Regulators identify weaknesses in corporate culture

In separate recent speeches ASIC Commissioner Greg Tanzer and APRA Chairman Wayne Byres discussed the importance of a good corporate culture in the financial industry in order to build trust and confidence and market integrity and to achieve financial stability and resilience in individual organisations.

But how do you implement a good corporate culture?

APRA’s Wayne Byres identified the inter-related areas of governance, culture and remuneration as areas where improvement is needed.

“Building up capital and liquidity, and ensuring loss absorbing capacity in the event of failure, will undoubtedly make for a more resilient financial system. But they will only offer a partial remedy to the problems that were experienced unless there are behavioural changes within financial firms as well.

Culture is a nebulous concept, much more difficult to define and observe than capital adequacy. But strengthening culture, like strengthening capital, is critical to long-run stability. We regularly see instances where participants in financial markets, when faced with an ethical dilemma, fail to ask themselves ‘is this right?’ Instead, the question has often been ‘can I get away with this?’ – or, more ominously, in some cases it appears no question was asked because the attitude was ‘if you ain’t cheating, you ain’t trying’. For an industry that is ultimately founded on trust, something serious is amiss, and strong and ethical leadership within financial firms is needed to set this right.

Both the industry, and the community of supervisors, is still grappling with how best to make assessments of organisational culture, and how to respond when a culture is shown to be in need of improvement. Much has to do with the incentives that individuals face and how they signal what an organisation truly values (and what it does not). It is clear that, in many cases, aspirational statements of organisational culture have been no match for the personal incentives that are created for individuals. Much of the post-crisis reform agenda has been aimed at getting the organisational interests of financial firms more aligned with those of the wider community. Getting personal incentives correspondingly aligned with organisational interests needs to be seen as equally important.”

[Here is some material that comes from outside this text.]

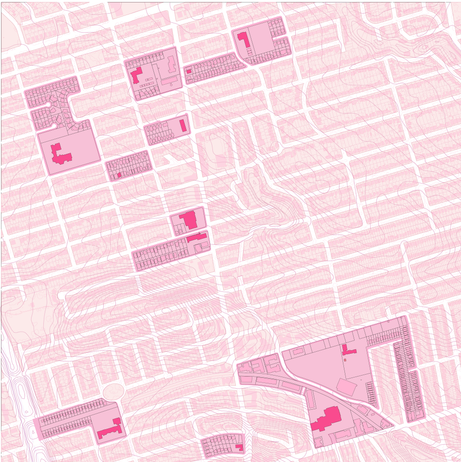 Throughout the project, I focus my study on the relationship between school and home fences. I highlight the schools within the neighbourhoods and document the walls that divide the school and homes and how they differ in each area.

ASIC’s Greg Tanzer emphasised that a good corporate culture achieved good outcomes for customers and management of conduct risk.

What does ASIC mean by a “positive culture”?

“In practice, a positive culture is where a business:

  • ensures the long-term interests of their customers first, both when things are going well and when they are not – for example, in any remediation process
  • ensures that products that are designed to provide utility to a specific target market, take into account the needs of that target market and are appropriately tested
  • ensures the right products and services are sold to the customers they were designed for, not just to any customer – who may not understand or be suited to the product
  • has controls in place to support their culture – for example, how products are developed, approved, marketed, distributed, monitored, and reviewed
  • has a recruitment, training and reward structure that is aligned to and reinforces the culture of ‘doing the right thing’ and ‘good outcomes for customers’
  • provides an environment that encourages staff to challenge accepted practices and raise issues when mistakes are made or when things don’t seem right.”

Areas ASIC is planning to target include:

  • remediation policy and procedures
  • reward and incentive structures, including promotions
  • recruitment and training policy
  • whistleblowing policy
  • conflicts of interest
  • nature and level of complaints and complaints handling
  • staff engagement
  • corporate governance framework to support customer-centric culture (e.g. board oversight over product approval processes).